TASK DESCRIPTION:
Return exactly the lines of the entries that start at the line containing "最近香港两个多月的市民抗议活" and continue to the last line. Omit the pictures.

INFORMATION PROVIDED:
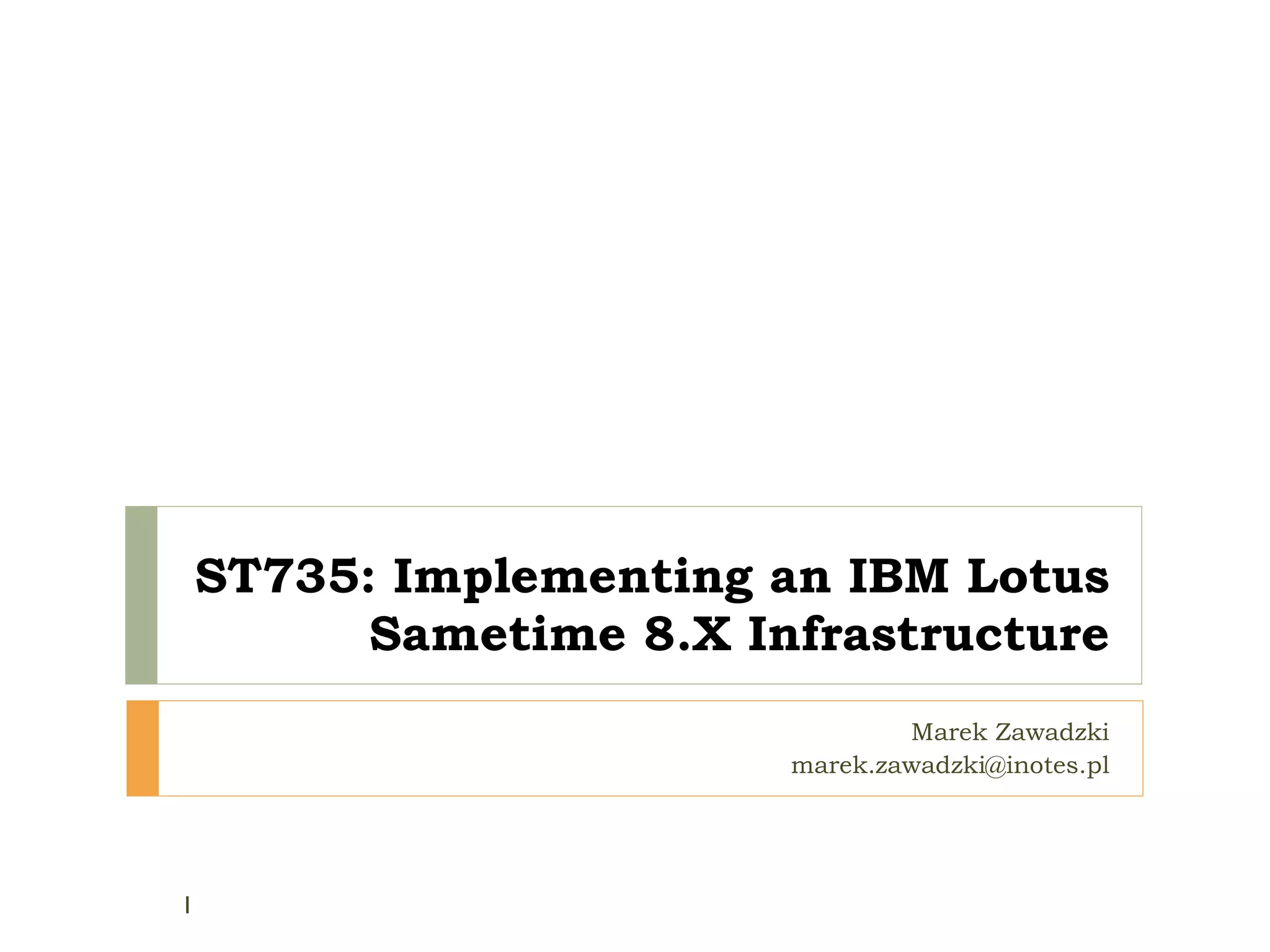 ST735: Implementingan IBM Lotus Sametime 8 . X Infrastructure Marek Zawadzki [email_address]
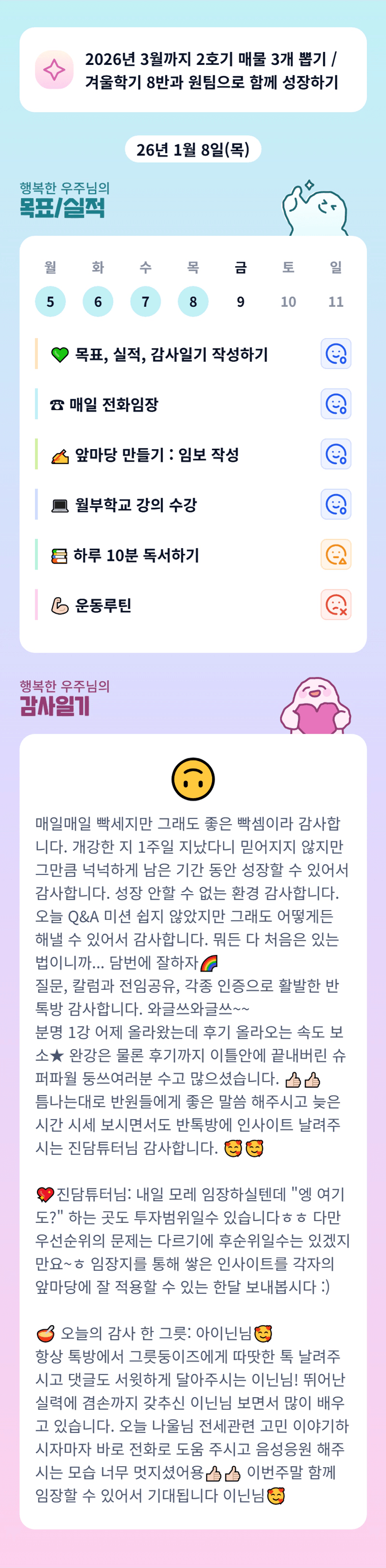 전 늘 한결같으신 우리 행부님이 넘 기대되요.☺️ 완강과 후기 작성 그리고 매일 매일 빅재미를 선사해주셔서 너무 감사해요😊😁 오늘도 화이팅입니다🔥
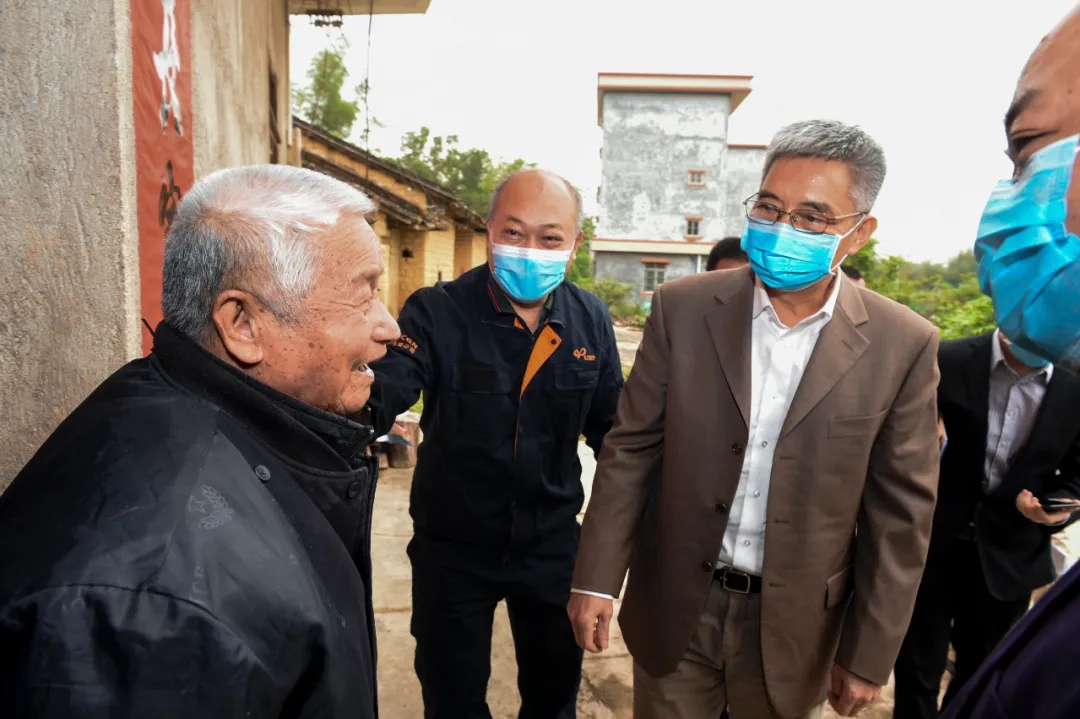 随后,贺禹前往贫困大学生杨飞凤家中,探望她98岁的养父杨才儒。提到“漂流儿”杨飞凤被养父母在河边捡到并抚养成人的故事,大家都很感动,并对杨才儒夫妇的爱心表示钦佩。2016年,刚考上大学的杨飞凤,因家庭困难准备放弃学业照顾病重的母亲。阳江核电和中广核驻村工作组获悉后,第一时间伸出援手,帮助她顺利入学。2019年毕业后,杨飞凤在佛山一家酒店工作,现已担任主管。贺禹询问了老人的生活、身体情况,并送上慰问品,祝福老人健康长寿。
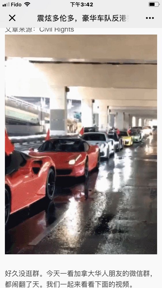 最近香港两个多月的市民抗议活动牵动了全世界的华人。在远离香港半个地球之远的多伦多,在8月17日也发起了一个游行,一些声援香港市民的民众在多伦多旧市政大厅前集合,他们申请的合法游行集会因中国留学生的干扰而被迫取消。这场对峙中最吸引人们眼球的是小留学生的豪华车队的闪亮登场:这些豪华跑车插着五星红旗,咆哮着冲出来,彰显出厉害国冲天的牛气。让[
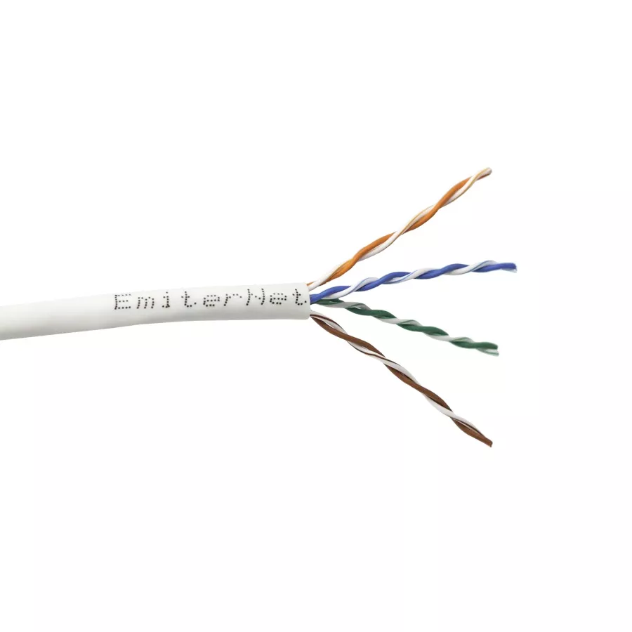 Czteroparowy, telekomunikacyjny kabel nieekranowany U/UTP kategorii 5e jest przeznaczony do teleinformatycznych systemów transmisji danych. Konstrukcja kabla opiera się na 4 parach drutów skręconych wzajemnie (tzw. skrętka) ze sobą w taki sposób aby zredukować przesłuchy międzyparowe. Dzięki temu, używając tego przewodu UTP, można osiągnąć połączenie nawet w standardzie GigabitEthernet. Kabel ten jest dostępny w powłoce zewnętrznej PVC. Kabel testowany do czestotliwości 350MHz. Kabel posiada 4 pary drutów z oznaczeniem kolorowym. Na kablu nadrukowane jest oznaczenie producenta, zgodność z normami oraz znacznik długości: EmiterNet -HN U/UTP cat.5e 350MHz PVC 4PR, Verified to EN/PL 50173 ISO/IEC 11801 EIA/TIA 568-C.2 CE Reakcja na ogien: Eca MM/YY xxxm, gdzie MM/YY to miesiąc i rok, xxx – długość kabla.
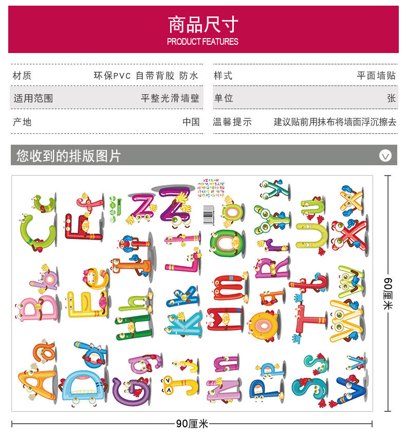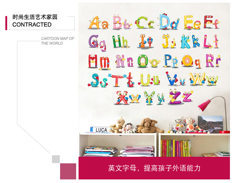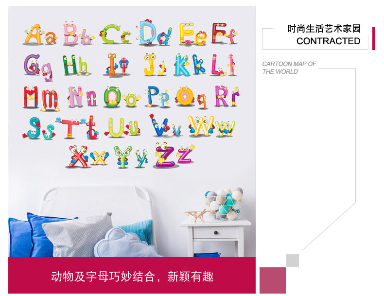 儿童房装饰品幼儿园墙面贴纸早教英文字母表床头贴画自粘墙纸墙贴
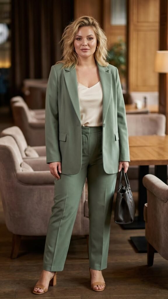 Choose a suit in an unexpected color like sage, terracotta, or even millennial pink for a fresh take. Wear it with a silky camisole underneath or even just a delicate bralette if you’re feeling bold. Block heels complete the look without sacrificing comfort. This outfit screams confidence and makes everyone wonder where you’re heading after dinner. Probably somewhere fabulous, obviously.

EXERCISE RESULT:
 最近香港两个多月的市民抗议活动牵动了全世界的华人。在远离香港半个地球之远的多伦多,在8月17日也发起了一个游行,一些声援香港市民的民众在多伦多旧市政大厅前集合,他们申请的合法游行集会因中国留学生的干扰而被迫取消。这场对峙中最吸引人们眼球的是小留学生的豪华车队的闪亮登场:这些豪华跑车插着五星红旗,咆哮着冲出来,彰显出厉害国冲天的牛气。让[
 Czteroparowy, telekomunikacyjny kabel nieekranowany U/UTP kategorii 5e jest przeznaczony do teleinformatycznych systemów transmisji danych. Konstrukcja kabla opiera się na 4 parach drutów skręconych wzajemnie (tzw. skrętka) ze sobą w taki sposób aby zredukować przesłuchy międzyparowe. Dzięki temu, używając tego przewodu UTP, można osiągnąć połączenie nawet w standardzie GigabitEthernet. Kabel ten jest dostępny w powłoce zewnętrznej PVC. Kabel testowany do czestotliwości 350MHz. Kabel posiada 4 pary drutów z oznaczeniem kolorowym. Na kablu nadrukowane jest oznaczenie producenta, zgodność z normami oraz znacznik długości: EmiterNet -HN U/UTP cat.5e 350MHz PVC 4PR, Verified to EN/PL 50173 ISO/IEC 11801 EIA/TIA 568-C.2 CE Reakcja na ogien: Eca MM/YY xxxm, gdzie MM/YY to miesiąc i rok, xxx – długość kabla.
 儿童房装饰品幼儿园墙面贴纸早教英文字母表床头贴画自粘墙纸墙贴
 Choose a suit in an unexpected color like sage, terracotta, or even millennial pink for a fresh take. Wear it with a silky camisole underneath or even just a delicate bralette if you’re feeling bold. Block heels complete the look without sacrificing comfort. This outfit screams confidence and makes everyone wonder where you’re heading after dinner. Probably somewhere fabulous, obviously.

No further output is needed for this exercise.